Un'altro articolo dove si denunciano le carenze e le ipocrisie del Sindaco Polo, e intanto lui si candida per le politiche como deputato a Roma.....per quale partito?? Liga Veneta Repubblica? Ahhhhh!!! con la scusa dell'immigrazione lui intanto "canna" l'amministrazione e tenta di fare carriera in quella "Roma Ladrona". COMPLIMENTI!!!

martedì 11 marzo 2008

Una residenza non si nega a nessuno...o a tutti?

qualche sera fà, in occasione della festa delle donne, mia moglie e un gruppo di amiche latinoamericane (tutte sposate con italiani) si sono trovate per festeggiare assieme e, guarda caso, tra una chiacchiera e l'altra, salta fuori che qualcuna si era sposata recentemente, ma non riusciva ad ottenere la residenza a San Bonifacio: tutto in regola con la questura, ma il sindaco Silvano Polo non concedeva niente.
Mi viene in mente quanto ha dovuto tribolare mia moglie che è riuscita ad ottenere la residenza solo dopo un anno e mezzo ed aver pagato una iniqua sanzione di € 86 "per tardiva iscrizione al registro temporaneo delle presenze" (sigh!!) e solo dopo aver interpellato il difensore civico.
Insomma..... il ns. caro sindaco continua imperterrito la sua crociata contro gli stranieri, negando anche i diritti più elementari e normali (residenza per matrimonio).
Invito chiunque abbia problemi analoghi ad unirsi per tentare una diffida formale ovvero una denuncia, e magari riunirsi in un comitato per chiedere i danni.

sabato 23 febbraio 2008

E IO PAGO!!!!!

A quanto ammontano le spese legali nel bilancio amministrativo del Comune da quando si è insediato lo sceriffo Polo?
Mi risulta che sono notevolmente aumentate, qualcuno mi saprebbe dire perchè?

IL PAESE E' BLOCCATO

Riporto qui di seguito un'altro articolo apparso sull'Arena di sabato 23 febbraio dove riceviamo la conferma di un altro stop della Regione sui "progetti" del Sindaco. Come volevasi dimostrare, il ns. comune è isolato da tutti, e ogni proposta viene puntualmente bloccata (e forse è anche meglio....)
Un Sindaco che corre da solo.... dove va?
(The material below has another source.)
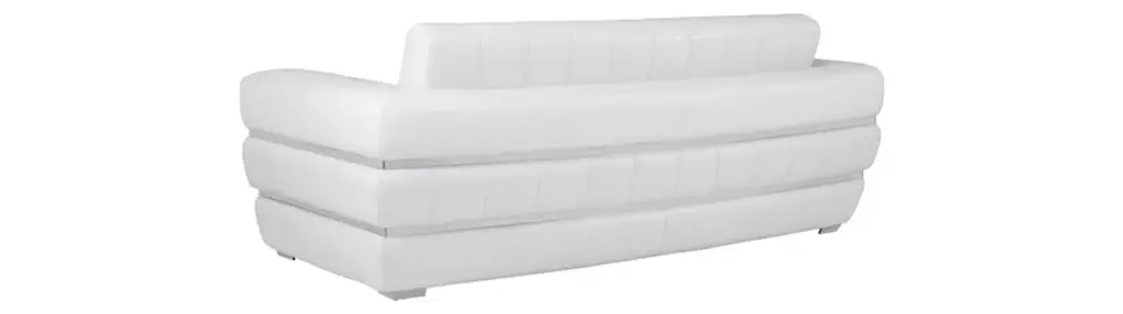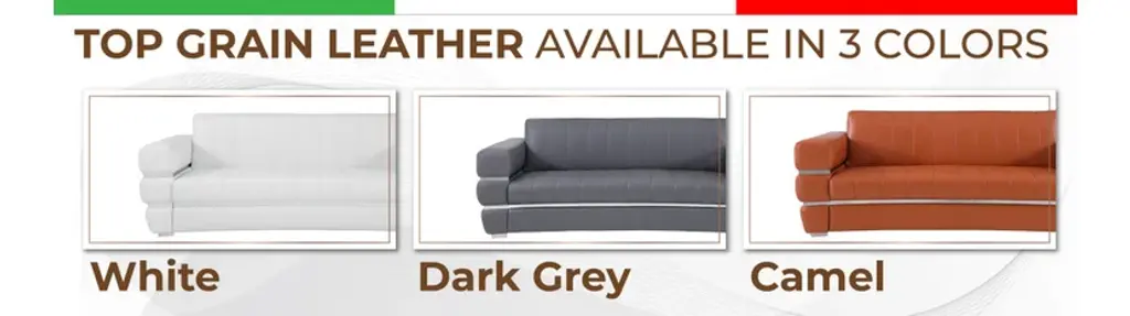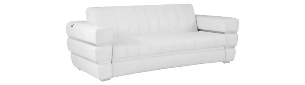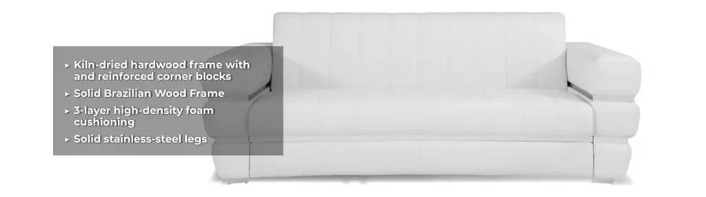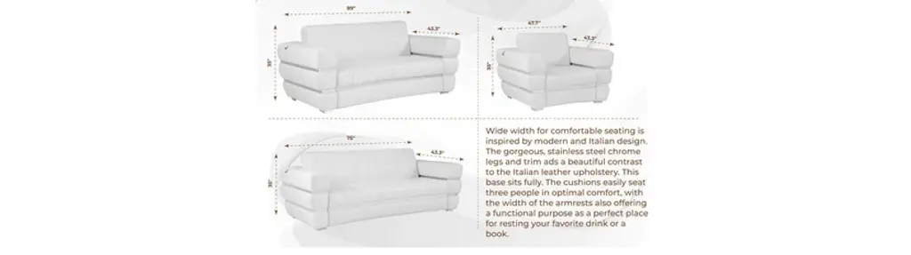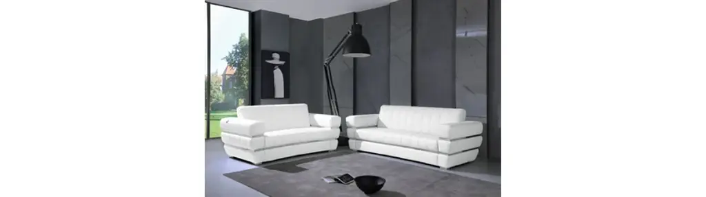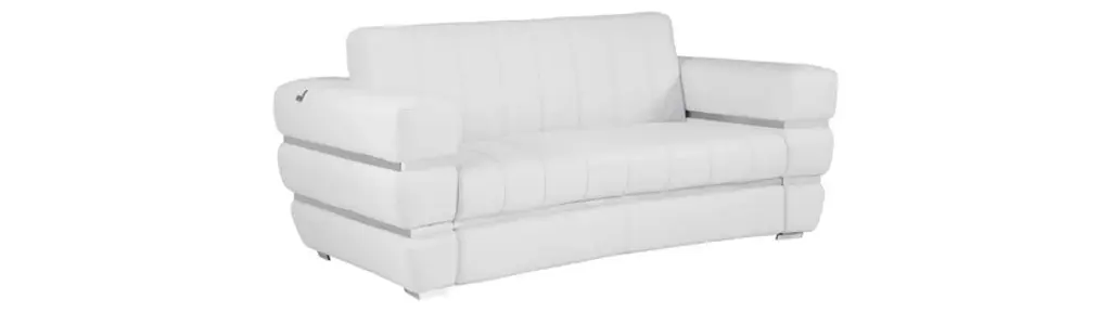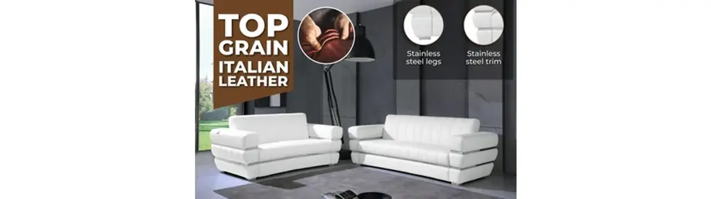 This Ferrara Modern White Genuine Italian Leather Sofa and Loveseat is crafted using the finest of materials, durable solid wood construction and premium leather. The Ferrara living room Sofa and Loveseat features a luxurious comfort, elegant appeal, and bird nest leather design. Crafted from White Genuine Italian Leather. The Ferrara Sofa and Loveseat is a fine example of modern design. It displays an aesthetically pleasant linear design with chrome accents to foster sophistication. A great way to convey simple luxury in any room. Mindfully designed with gently arms, and plush high density seat cushions for maximum comfort, this masterpiece is a delightfully distinguished mix of functionality and style. The chrome legs effortlessly elevate any room with a touch of contemporary design.White Genuine Italian Leather UpholsteryBird nest leather designFrame Construction: Solid Brazilian WoodBack Construction: Webbing with fiberSewing Type: Tone on Tone StitchingPacking Material: Soft PackageAssembly Required: Minor

O forse dobbiamo aiutarlo noi ad andarci?
Non ha l'appoggio dalle sinistre a livello nazionale, la regione con Galan e Zigiotto (concittadino) lo vede come fumo negli occhi, la lega nord non lo riconosce come propria creatura, insomma.... CON CHI STA'????
Non solo abbiamo uno sceriffo razzista, ma anche incompetente dal punto di vista politico ed amministrativo.
CARI SAMBONIFACESI COME CI PIACE FARCI DEL MALE....EHHHH?
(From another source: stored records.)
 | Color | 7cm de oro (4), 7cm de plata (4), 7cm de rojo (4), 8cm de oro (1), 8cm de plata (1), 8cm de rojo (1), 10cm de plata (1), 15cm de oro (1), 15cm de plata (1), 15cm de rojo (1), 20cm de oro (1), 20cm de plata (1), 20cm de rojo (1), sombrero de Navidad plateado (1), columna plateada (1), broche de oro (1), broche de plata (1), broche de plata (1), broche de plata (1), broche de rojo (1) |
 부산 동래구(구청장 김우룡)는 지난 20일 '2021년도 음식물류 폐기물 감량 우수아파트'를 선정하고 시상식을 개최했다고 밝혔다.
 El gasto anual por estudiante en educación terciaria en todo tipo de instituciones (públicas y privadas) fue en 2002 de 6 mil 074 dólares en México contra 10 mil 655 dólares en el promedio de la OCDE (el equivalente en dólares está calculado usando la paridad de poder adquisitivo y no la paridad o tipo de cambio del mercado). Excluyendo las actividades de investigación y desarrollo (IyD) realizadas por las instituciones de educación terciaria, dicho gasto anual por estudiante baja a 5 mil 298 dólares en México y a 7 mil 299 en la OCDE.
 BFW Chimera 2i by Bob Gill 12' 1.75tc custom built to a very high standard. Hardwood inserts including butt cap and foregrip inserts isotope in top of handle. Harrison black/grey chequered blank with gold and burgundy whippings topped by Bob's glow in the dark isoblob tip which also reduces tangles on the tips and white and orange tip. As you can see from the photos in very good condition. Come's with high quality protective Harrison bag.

SAN BONIFACIO. Il sindaco rinuncia all’operazione urbanistica sull’area del «Tizian» dopo il «no» arrivato da Venezia Stop al progetto stadio: «Un’occasione perduta» Polo è pronto a rivolgersi alla magistratura e attacca: «La Regione esprime solo critiche e non fa proposte»
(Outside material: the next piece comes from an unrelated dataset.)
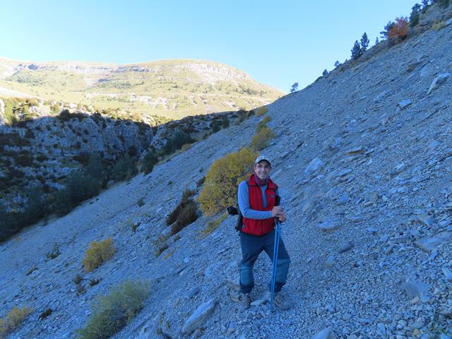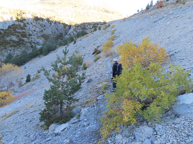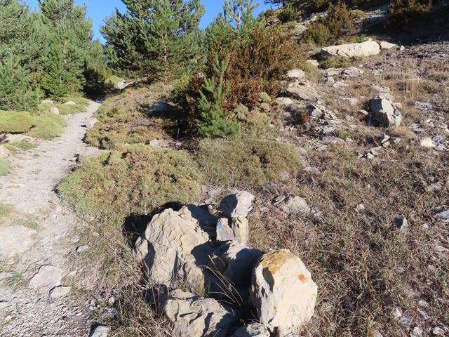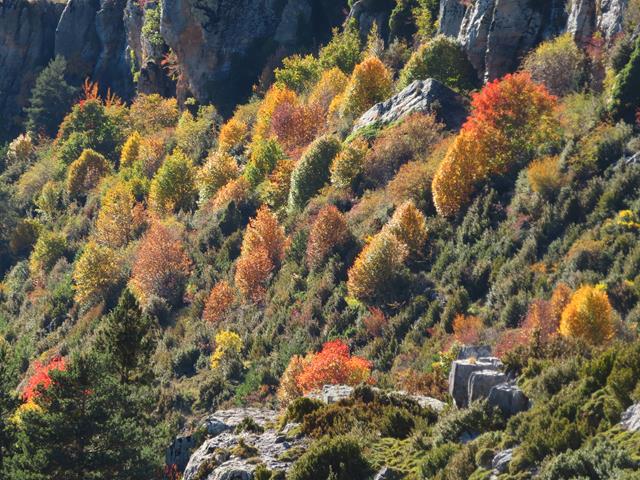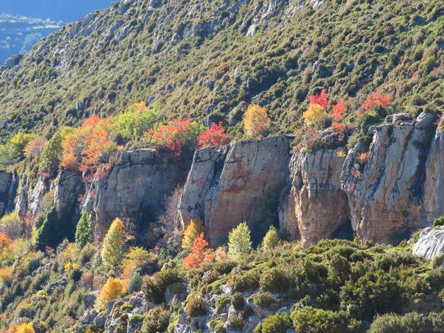 Una parte de la senda, tras dejar atrás los postes indicadores, cruza una ladera llena de piedras de todos los tamaños. Las más grandes llegan hasta abajo, las más pequeñas, por efecto de la gravedad y por su propio peso, se quedan más arriba. Algunos árboles caducifolios y arbustos han logrado arraigar en este entorno y ahora nos enseñan los colores del otoño.

Gianni Bertagnin Il progetto di trasformazione dello stadio «Tizian» finisce nel cassetto. L’amministrazione sambonifacese rinuncia di fatto a portare avanti l’operazione urbanistica, ma non risparmia le accuse, anzi il sindaco Silvano Polo ha annunciato che si rivolgerà alla magistratura. E’ quanto emerso dall’assemblea pubblica indetta per fare il punto e illustrare i contenuti della rovente questione, sulla quale si è aperto un braccio di ferro con la Regione, riguardante la variante urbanistica bocciata dagli uffici di Venezia lo scorso dicembre. Polo ha definito «baggianate» le argomentazioni addotte nella risposta negativa della giunta veneta. «Questa era un’occasione storica, persa per San Bonifacio», ha sottolineato. «Ora è stata affossata ed è destinata a finire nell’album dei ricordi». Il sindaco però ha avvertito: «Il verbale che ci è pervenuto dalla Regione è senza conclusioni, perché esprime solo critiche ma non fa alcuna proposta, ed è senza firma. Per questo lo porteremo all’attenzione della Procura della Repubblica». Come si ricorderà, il Comune di San Bonifacio nel febbraio 2005 aveva proposto di eliminare l’attuale stadio «Renzo Tizian» in vista del trasferimento del campo da calcio nella futura «cittadella dello sport». Le motivazioni di questa drastica decisione, ha spiegato il sindaco, erano partite innanzitutto dalla necessità di sistemare l’incrocio tra le due strade provinciali che si intersecano davanti allo stadio, ma anche di urbanizzare la zona per dare al quartiere Praissola negozi e servizi che oggi scarseggiano, anche per elevarne l’immagine attraverso la realizzazione di edifici di qualità. Polo ha fatto anche presente che le strutture sportive, vecchie ormai di mezzo secolo, non sono più all’altezza delle mutate esigenze, anche per quanto riguarda la dotazione di parcheggi, a maggior ragione se la Sambonifacese riuscirà a salire in serie C2.
Quindi, l’operazione stadio sarebbe stata una scelta azzeccata. Inoltre la variante, ha sottolineato Polo, avrebbe fornito al Comune un supporto finanziario di 10-12 milioni di euro, utilizzabili per il nuovo stadio. L’intervento, che interessa una superficie di circa 40mila metri quadrati, era frutto di una scelta fatta, ha ricordato il sindaco, tra vari progetti, pervenuti a seguito di un concorso di idee. Poi, nel mese di marzo 2007, era stata presentata una nuova proposta, gratuita, di progetto, da parte del noto studio vicentino dell’architetto Sergio Novello. Questo progetto di massima proponeva indicativamente il completo interramento di tutti i parcheggi, sia privati che di uso pubblico, e l’attraversamento in diagonale di tutta l’area con una strada interrata, che avrebbe consentito di liberare la sovrastante piazza dagli automezzi. Erano anche previste due «torri», cioè edifici di 10-12 piani, oltre ad altre costruzioni a uso abitativo, commerciale e per servizi. L’ex assessore Mariano Mariotto, residente a Praissola, ha rimarcato la necessità del riassetto della viabilità del quartiere, che oggi si sente emarginato, e che si risolleverebbe con il progetto della variante allo stadio. L’ex consigliere comunale Enzo Battistella ha invece proposto di abbinare un referendum, da lui proposto sulla stessa questione, alla prossima consultazione elettorale, lamentandosi di non aver ricevuto una risposta in merito dai competenti uffici comunali.

giovedì 7 febbraio 2008

Ma come fà????

Ma come fa?

Allora….una breve riflessione……sempre sul nostro caro sindaco….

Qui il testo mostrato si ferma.